▼

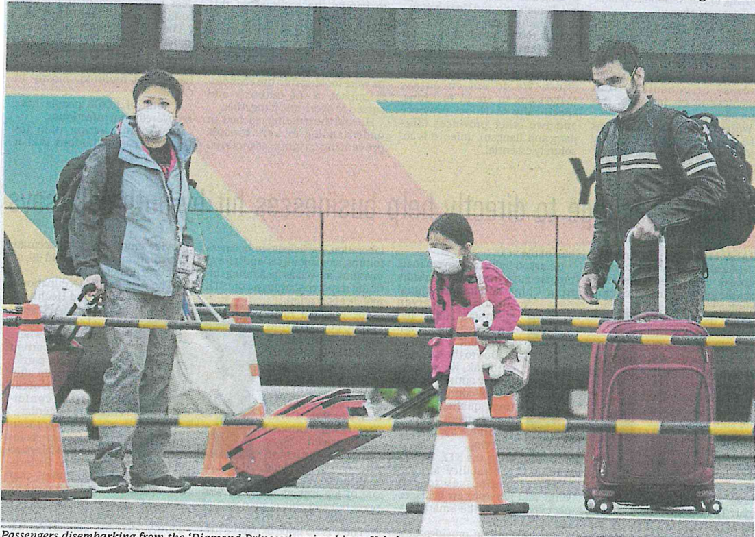
Passengers disembarking from the 'Diamond Princess' cruise ship at Yokohama Port, south of Tokyo, yesterday.
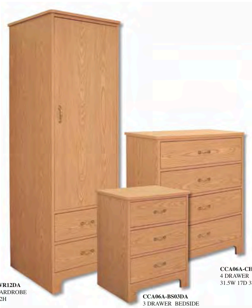
CCA06A-WR12DA SINGLE WARDROBE 23W 24D 72H

The Hearthside Collection is an all laminate group that can be manufactured in virtually any color.
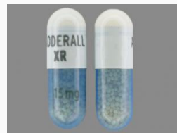
Adderall XR 15mg $284.00 – $587.00
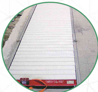
Gemco Pit Cover complete and closed
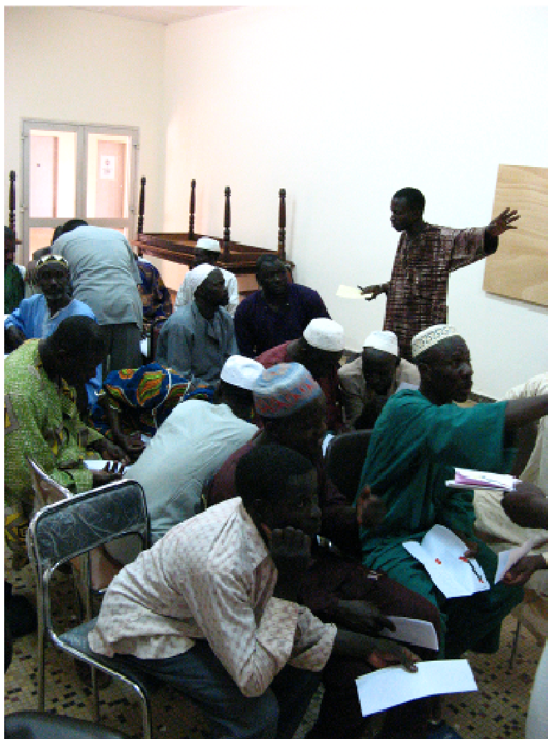
FIG 4 : Lines of players interacting and discussing
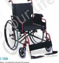
Model No. E-108 • Epoxy powder coated steel frame • Flip up arm rest • Detachable footrest

The below mentioned facilities are common in all here shown models
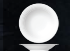
SOUP PLATE N 6806 23.5 cm. (9 1/4") 460 g.
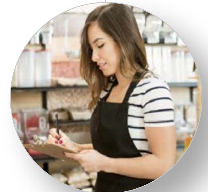
Pharmacies and Convenience Stores
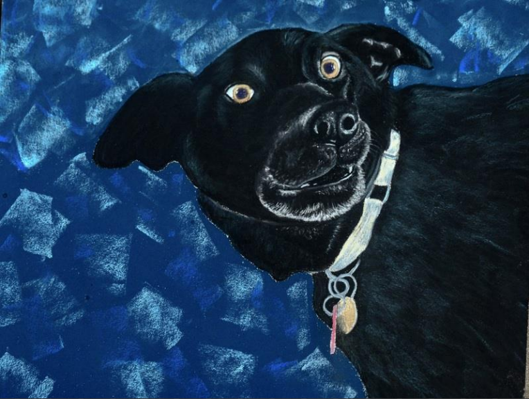
457-marty – timber
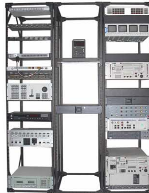
3 ganged 43RU Professional Series Racks with optional braces, drawers, & shelves
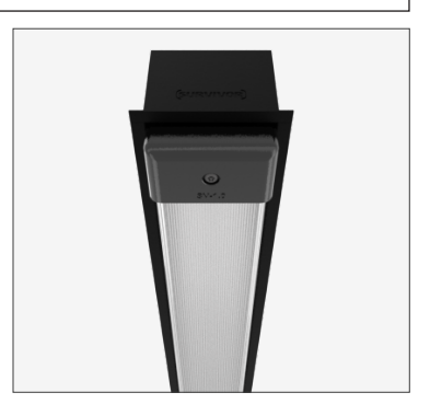
country of origin

AT06 security torx tamper-proof fasteners
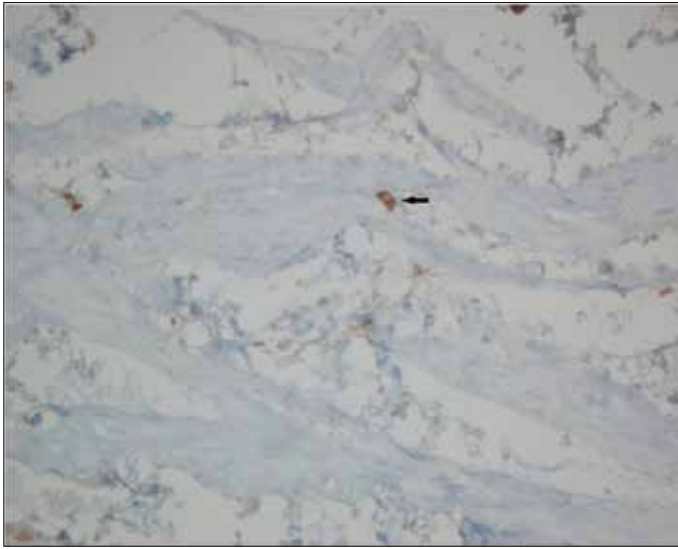
Figure 2. Histopathology of a fetal rat bladder with an arrow indicating a mast cell (C-kit, x40)
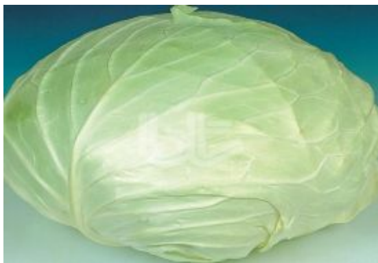
Figure 3.3. Beyaz Lahana Bafra cabbage variety

BT H2274 is a bush type tomato. It is mid-seasonal and it can preserve its hardness when it ripens. It can be grown in outdoor within all regions in Turkey. It is Mid-early variety and harvested in 80 days. Fruits are roundish, red, and fleshy with thick skin. It is suitable for the transportation. The weight of fruit is about 160-180 g. Average yield is 60-80 tons/ha.
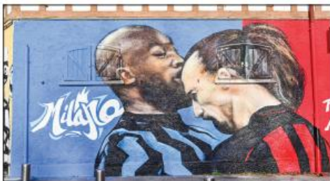
Zlatan Ibrahimovic and Romelu Lukaku's fines for squaring off in a row during an Italian Cup match will be donated to charity, their rival Milan clubs said on Thursday.

ZLATAN Ibrahimovic and Romelu Lukaku's fines for squaring off in a row during an Italian Cup match will be donated to charity, their rival Milan clubs said on Thursday.
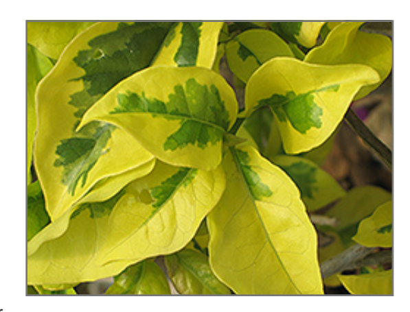
Golden Jackpot Bougainvillea foliage

Golden Jackpot Bougainvillea will grow to be about 20 feet tall at maturity, with a spread of 24 inches. As a climbing vine, it tends to be leggy near the base and should be underplanted with low-growing facer plants. It should be planted near a fence, trellis or other landscape structure where it can be trained to grow upwards on it, or allowed to trail off a retaining wall or slope. It grows at a fast rate, and under ideal conditions can be expected to live for approximately 20 years.
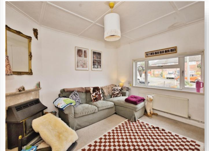
Lenthay Close, SHERBORNE, DT9 6AE

▲

* EXERCISE BRIEF: Every line above from the one with "The below mentioned" down to the one with "country of origin" must be written out exactly, and no picture may appear.

* OUTPUT BELOW:
The below mentioned facilities are common in all here shown models
SOUP PLATE N 6806 23.5 cm. (9 1/4") 460 g.
Pharmacies and Convenience Stores
457-marty – timber
3 ganged 43RU Professional Series Racks with optional braces, drawers, & shelves
country of origin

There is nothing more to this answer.